Python socket. Error: [errno 10054] the remote host forces an existing connection to be closed. Solution:
I used python to read web pages a few days ago. Because a website uses a large number of urlopen operations, it will be identified as an attack by that website. Sometimes download is no longer allowed. As a result, request. Read () remains stuck there after urlopen. Errno 10054 will be thrown.
This error is caused by Connection reset by peer. That is, the remote host has reset the connection. The reason may be that the socket timeout is too long, or request = urllib. request. after urlopen (URL), no request is made. close () operation, or it may take a few seconds for the website to identify this behavior as an attack.
The specific solution is as follows:
Import socket <br/> Import time <br/> timeout = 20 <br/> socket. setdefatimetimeout (timeout) # Set the timeout time for the entire socket layer. If socket is used in subsequent files, you do not need to set <br/> sleep_download_time = 10 <br/> time. sleep (sleep_download_time) # set the time here <br/> request = urllib. request. urlopen (URL) # Here is the URL of the content to be read <br/> content = request. read () # Read. An exception is usually reported here. <br/> request. close () # Remember to close
Because the read () operation after urlopen actually calls some functions at the socket layer. Therefore, you can disable the network by setting the default socket timeout. You do not have to wait at read.
Of course, you can write a few more try and try t on the outer layer, for example:
Try: <br/> time. sleep (self. sleep_download_time) <br/> request = urllib. request. urlopen (URL) <br/> content = request. read () <br/> request. close () </P> <p> counter t unicodedecodeerror as E: </P> <p> Print ('----- unicodedecodeerror URL:', URL) </P> <p> upload t urllib. error. urlerror as E: <br/> Print ("----- urlerror URL:", URL) </P> <p> skip t socket. timeout as E: <br/> Print ("----- socket timout:", URL)
Generally, there is no problem. I tested the download of thousands of webpages and then said this. However, if you download tens of thousands of files, I did a test and MS will still jump out of this exception. It may be that the time. Sleep () is too short, or the network is suddenly interrupted. I tested urllib. Request. Retrieve () and found that data downloading continuously always fails.

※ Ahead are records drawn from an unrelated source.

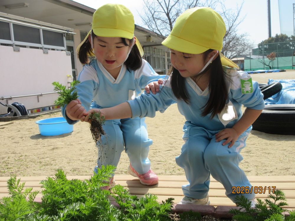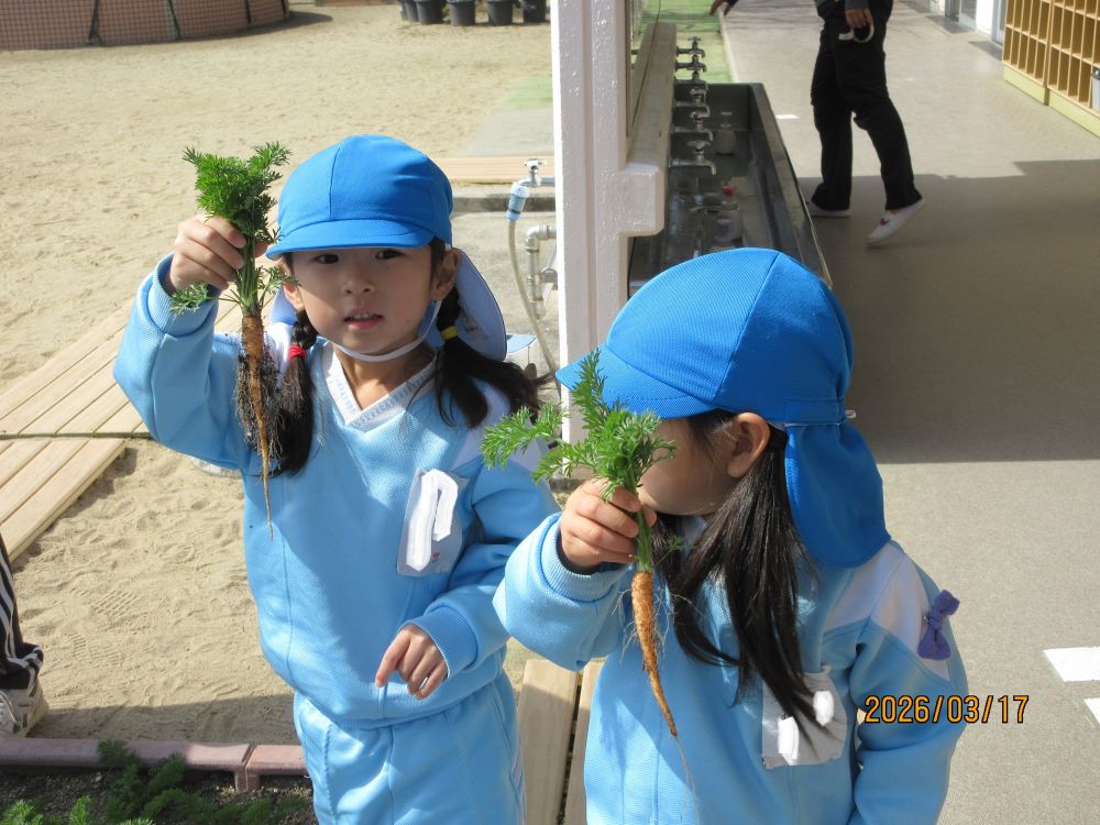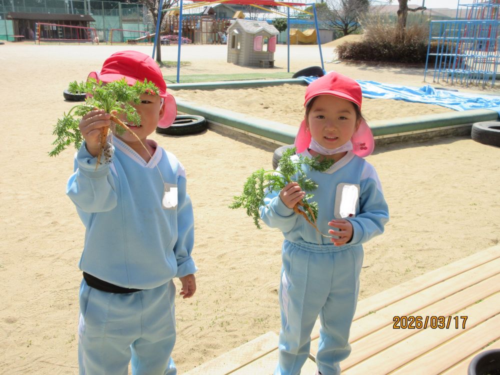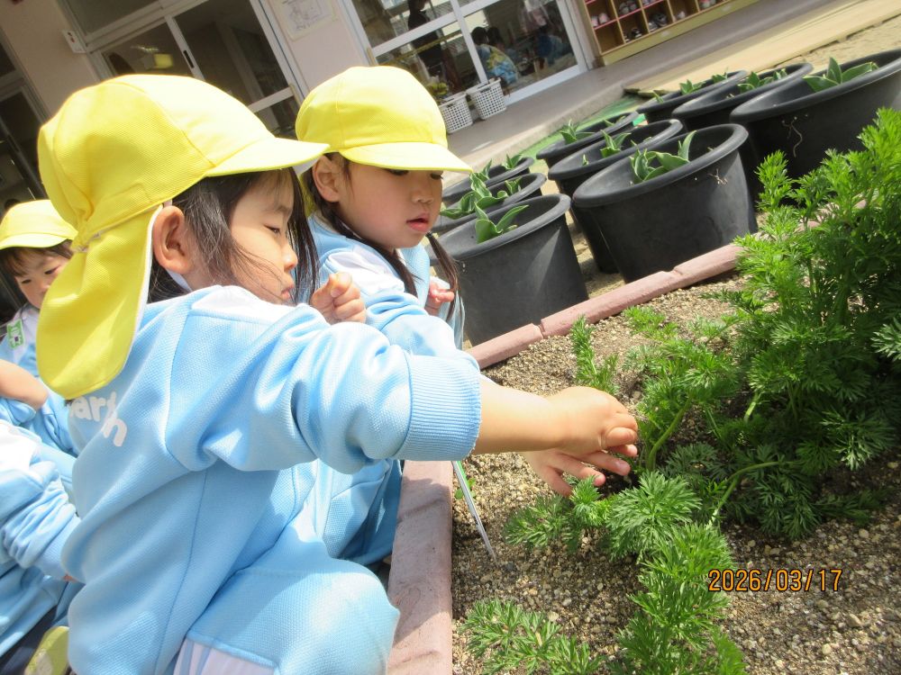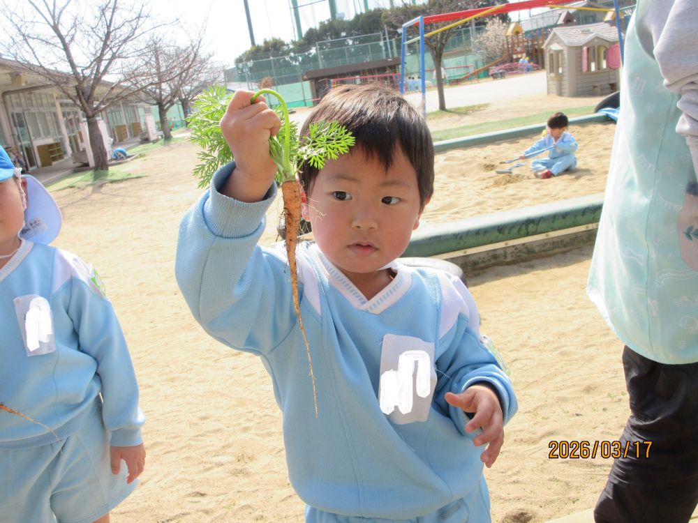 年少さんが、人参を収穫しました!!小さい小さい人参ですが、「せんせい とれた!!」「ミルクちゃんにあげよう。」「わたしはモルモットにあげる!」と大喜びです。
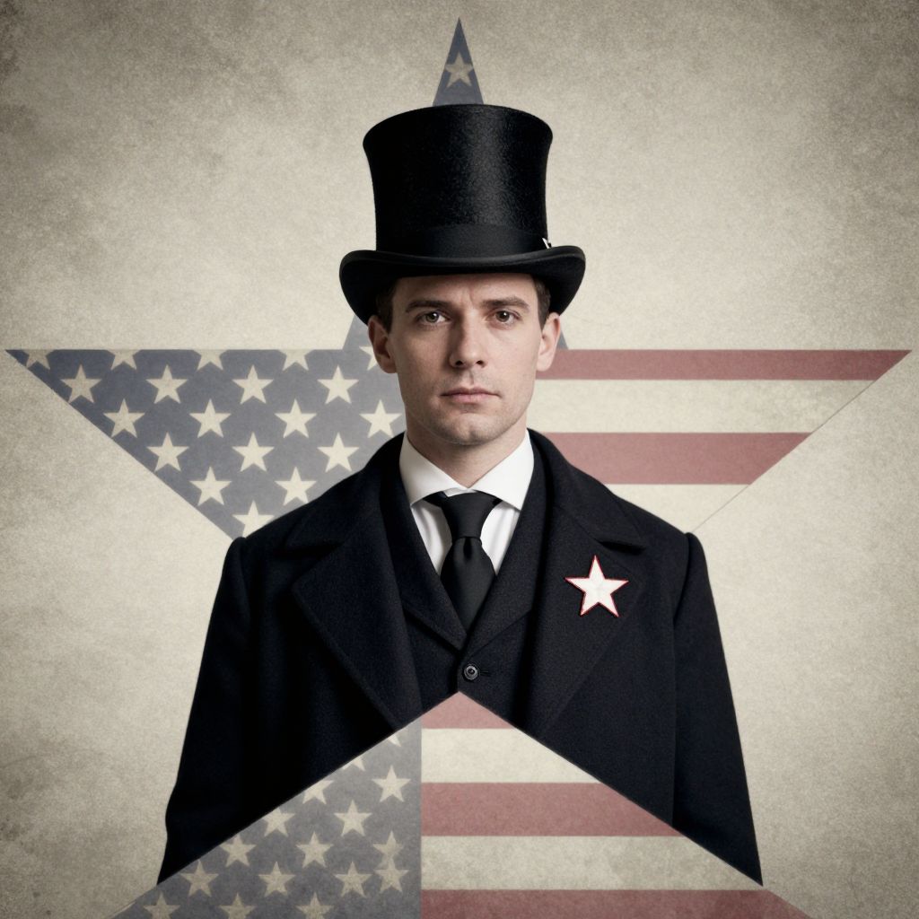 The image features a man dressed in a vintage outfit, reminiscent of the 19th century, with a black top hat adorned with a white star. He is wearing a dark coat with a white star on the lapel, and a white shirt with a black tie. The background is a star-shaped design with a faded American flag pattern, creating a striking contrast with the man's dark attire. The overall composition is balanced, with the man centrally positioned and the star design framing him, emphasizing his presence. The textures of the man's clothing and the star's pattern add depth to the image, while the monochromatic color scheme with the exception of the red star on the coat's lapel creates a dramatic and visually engaging scene.
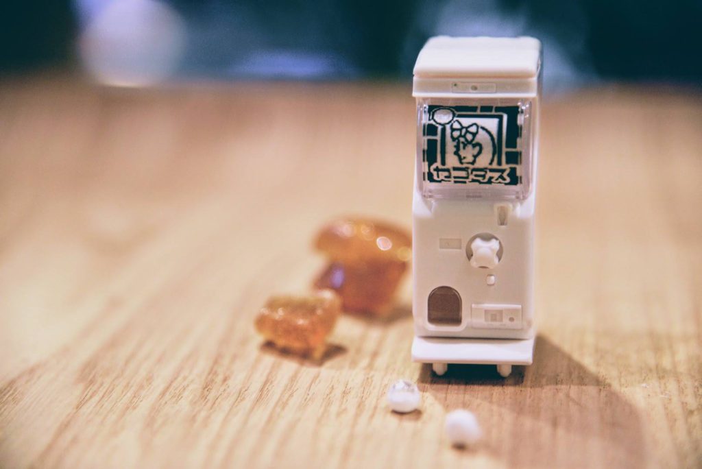 西京チームは桂川で獲れた鮎や伝統的な桂飴を洛中に向けて行商していた「桂女」に注目。「桂女」は、こうした行商以外に巫女、助産婦、予祝芸能者など多様な役割を担っていたと諸説ある。現在、西京区にある洛西ニュータウンでは子育て世代の女性の働く場が少ないという課題がある。そこで、桂女というモチーフを活かしながら、子育て世代の女性を応援する「ガチャガチャ」を考案した。
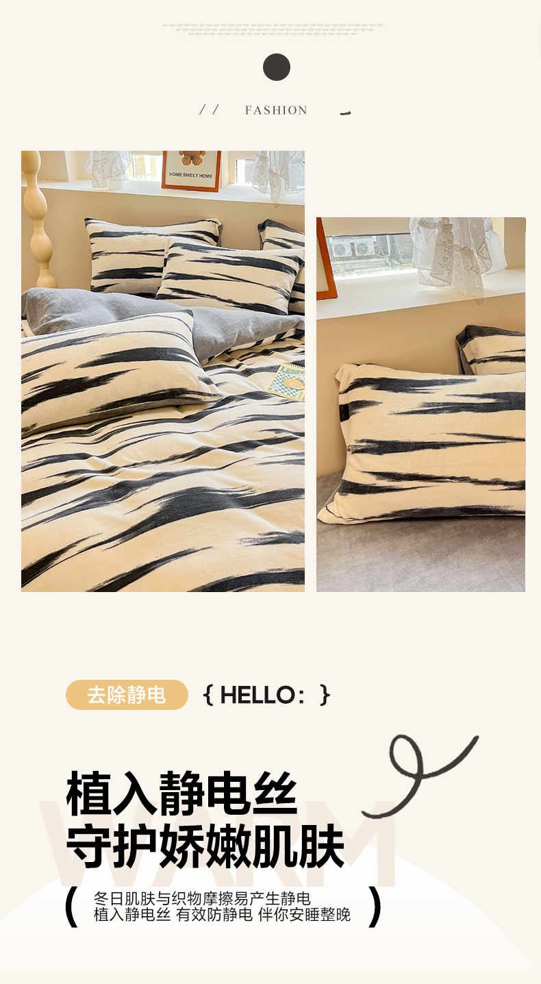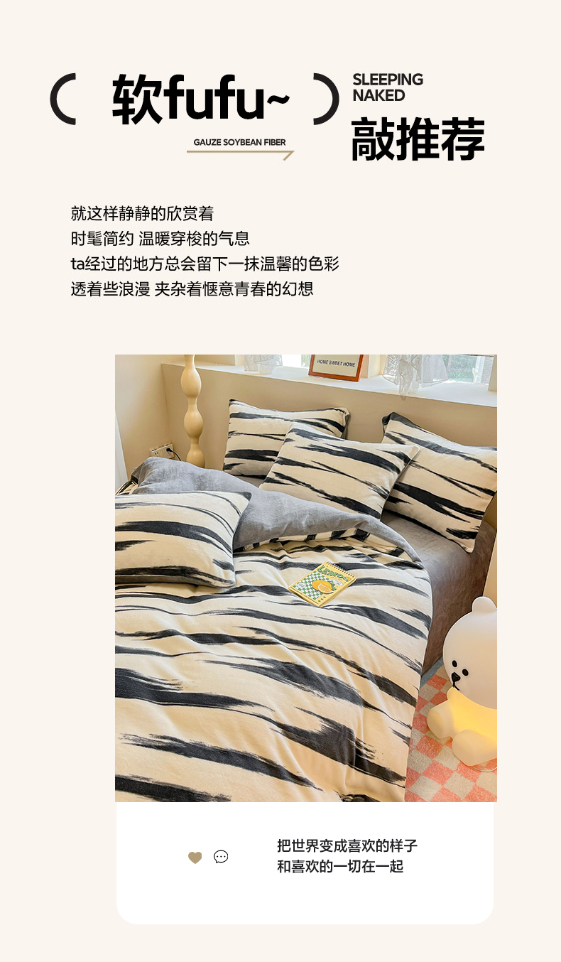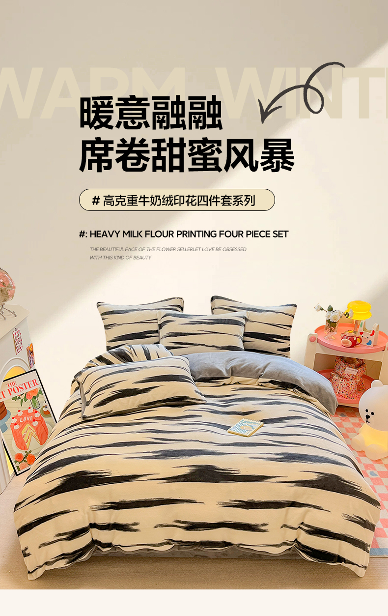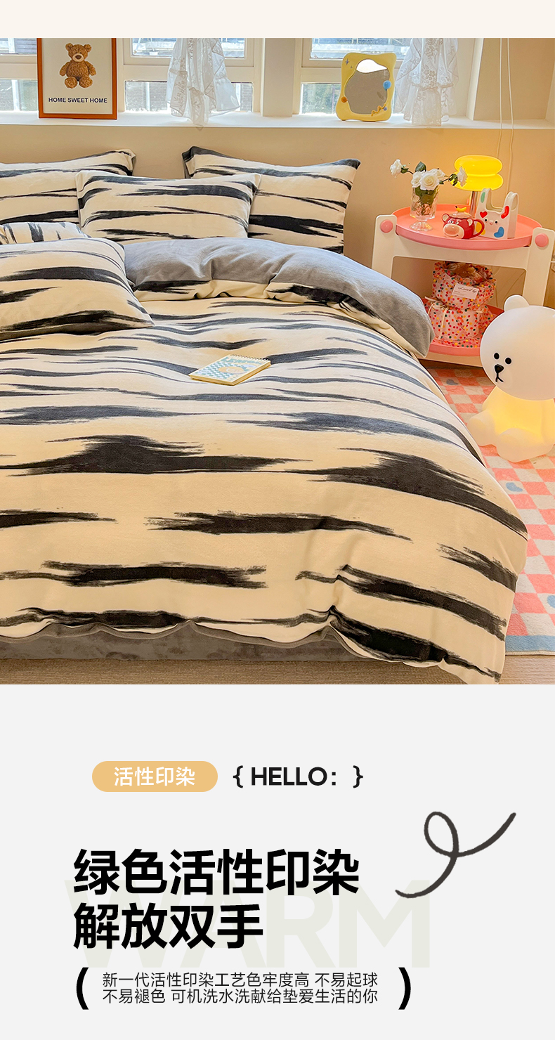 沐辰 2023新款牛奶绒印花四件套 原野

A simple solution is as follows: first, refer to my article: Python checkpoint simple implementation
. Make a Check Point first. Then, run the exception Section Code while true. See the following pseudocode:
Def download_auto (downloadlist, fun, sleep_time = 15): <br/> while true: <br/> try: # outsource a layer of try <br/> value = fun (downloadlist, sleep_time) # Fun here is your download function. When the function pointer is passed in. <Br/> # exit only after normal execution. <Br/> If value = util. success: <br/> Break <br/> failed T: # If 10054 or ioerror or xxxerror occurs <br/> sleep_time + = 5 # Sleep for 5 seconds, execute the download. because of the checkpoint, the above program will continue to execute from where an exception is thrown. This prevents program interruptions caused by unstable network connections. <Br/> Print ('enlarge sleep time: ', sleep_time)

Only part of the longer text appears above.